S’agissant de la consultation de FAED, la consultation faite pour les besoins exclusifs de la procédure a été requise par l’officier de police judiciaire mais elle a été traitée par [F] [H] en tant qu’agent au sein du service central de la police scientifique s’occupant de la transmission des données qui est nécessairement habilité.

S’agissant de la consultation de FNAEG, c’est à juste titre que le Juge des libertés a relevé qu’aucune disposition légale n’exige une habilitation spéciale pour que l’officier de police judiciaire y ait recours s’agissant d’une simple consultation de la base de données des états civils FNAEG afin de déterminer si le service de police devait procéder à un prélèvement buccal aux fins d’insertion du profil génétique de la personne prélevée dans le fichier.

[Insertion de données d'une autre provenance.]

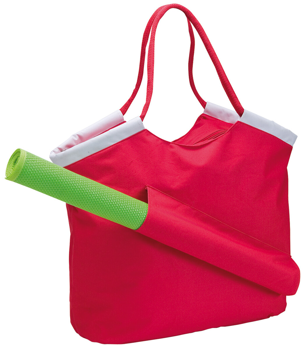 Plážová taška z polyesteru 600D s držákem na plážovou podložku. Dodává se bez plážové podložky.
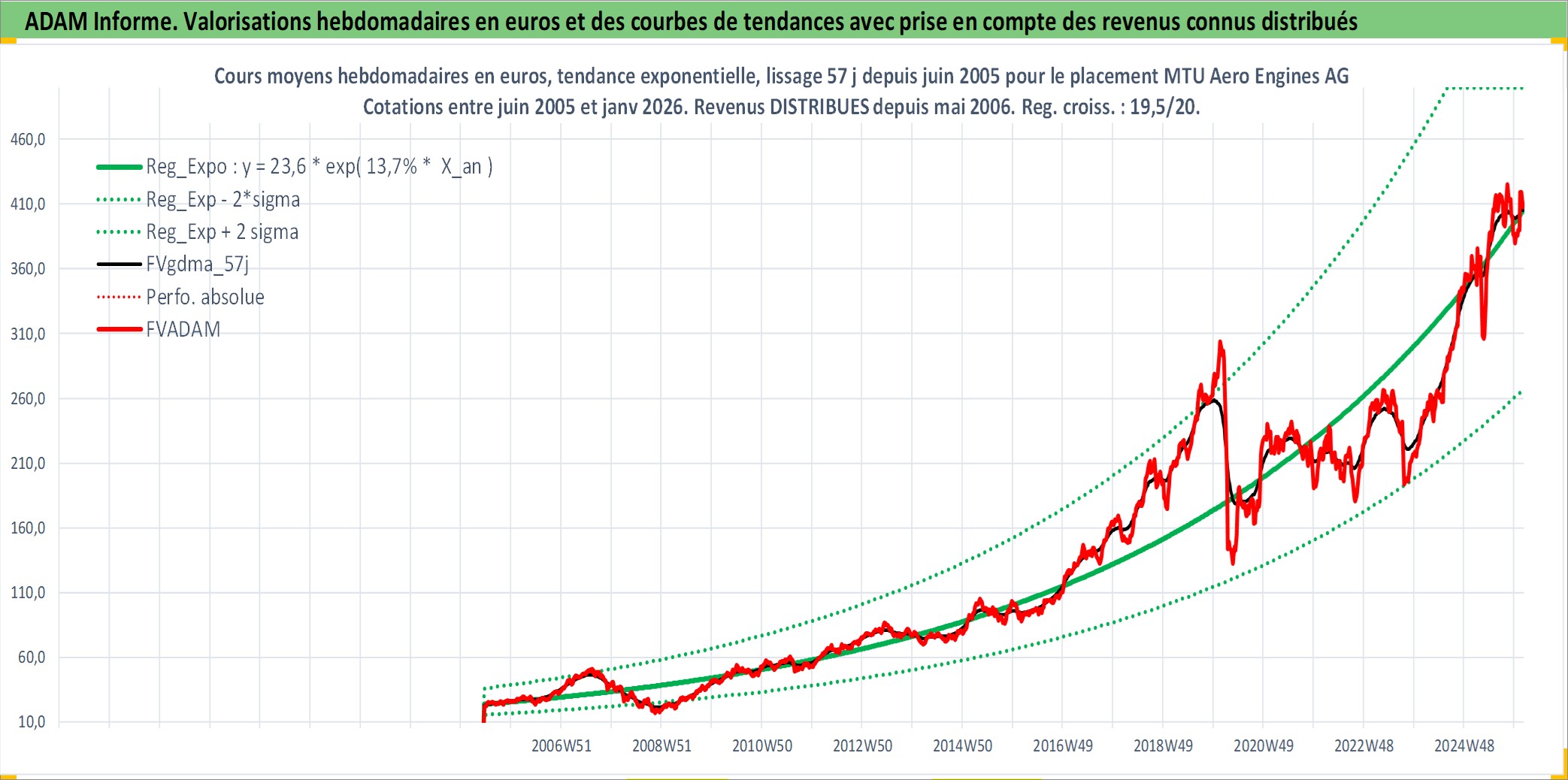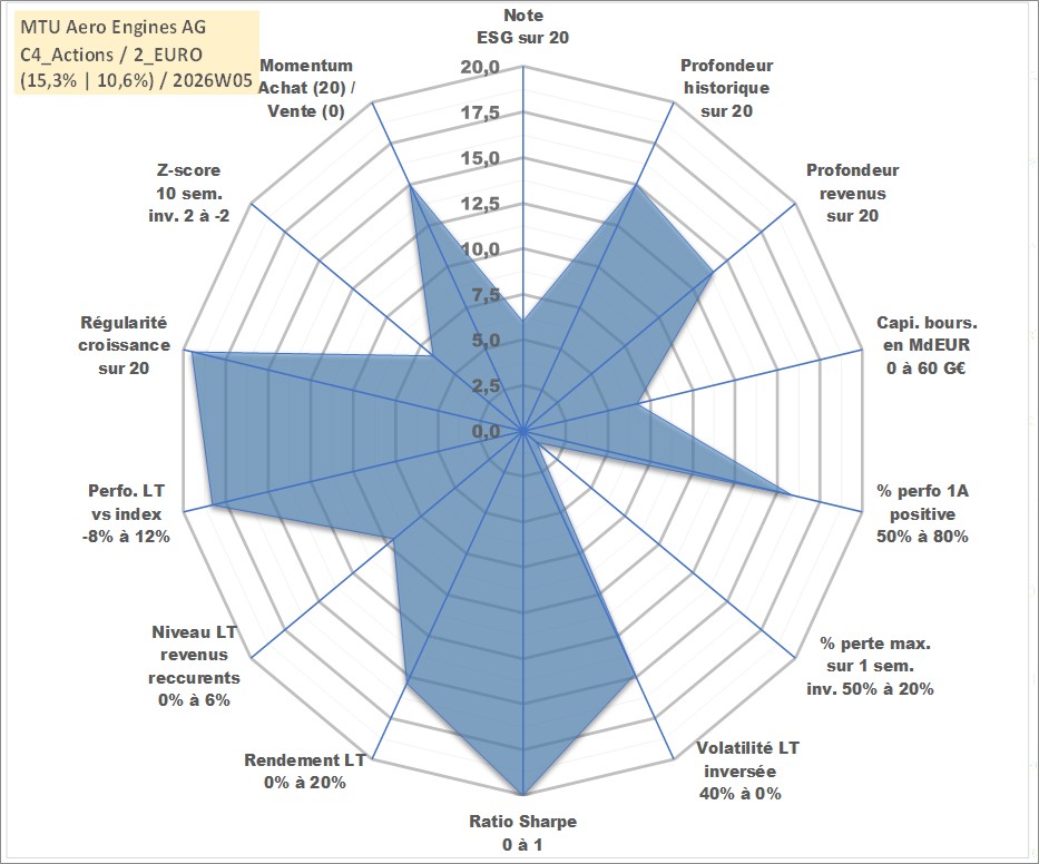 Site dédié aux investisseursPage dédiée sur site financeAnalyse des valorisations hebdomadaires de l'action MTU Aero Engines AG. Cet actif est cote en EUR. Les valorisations couvrent les semaines 2005W23 a 2026W05. Les revenus de cet actif financier sont pris en compte depuis la semaine 2006W20. La note globale ESG de cet actif est estimee a 6.0 (apres rebasage entre 0 et 20).

Aucun grief tiré de la violation de la convention des droits de l’homme n’est établi.

Le moyen étant rejeté, la décision sera donc confirmée.

PAR CES MOTIFS

statuant publiquement,

Déclarons l’appel recevable ;

Confirmons l’ordonnance du juge des libertés et de la détention du tribunal judiciaire de Rennes du 12 octobre 2022 ;

Laissons la charge des dépens au Trésor Public.

Fait à Rennes, le 14 octobre 2022 à 15 heures.

LE GREFFIER, PAR DÉLÉGATION, LE CONSEILLER,

Notification de la présente ordonnance a été faite ce jour à [S] [W] [M], à son avocat et au préfet

Le Greffier,

Cette ordonnance est susceptible d’un pourvoi en cassation dans les deux mois suivant la présente notification et dans les conditions fixées par les articles 973 et suivants du code de procédure civile.

Communication de la présente ordonnance a été faite ce même jour au procureur général.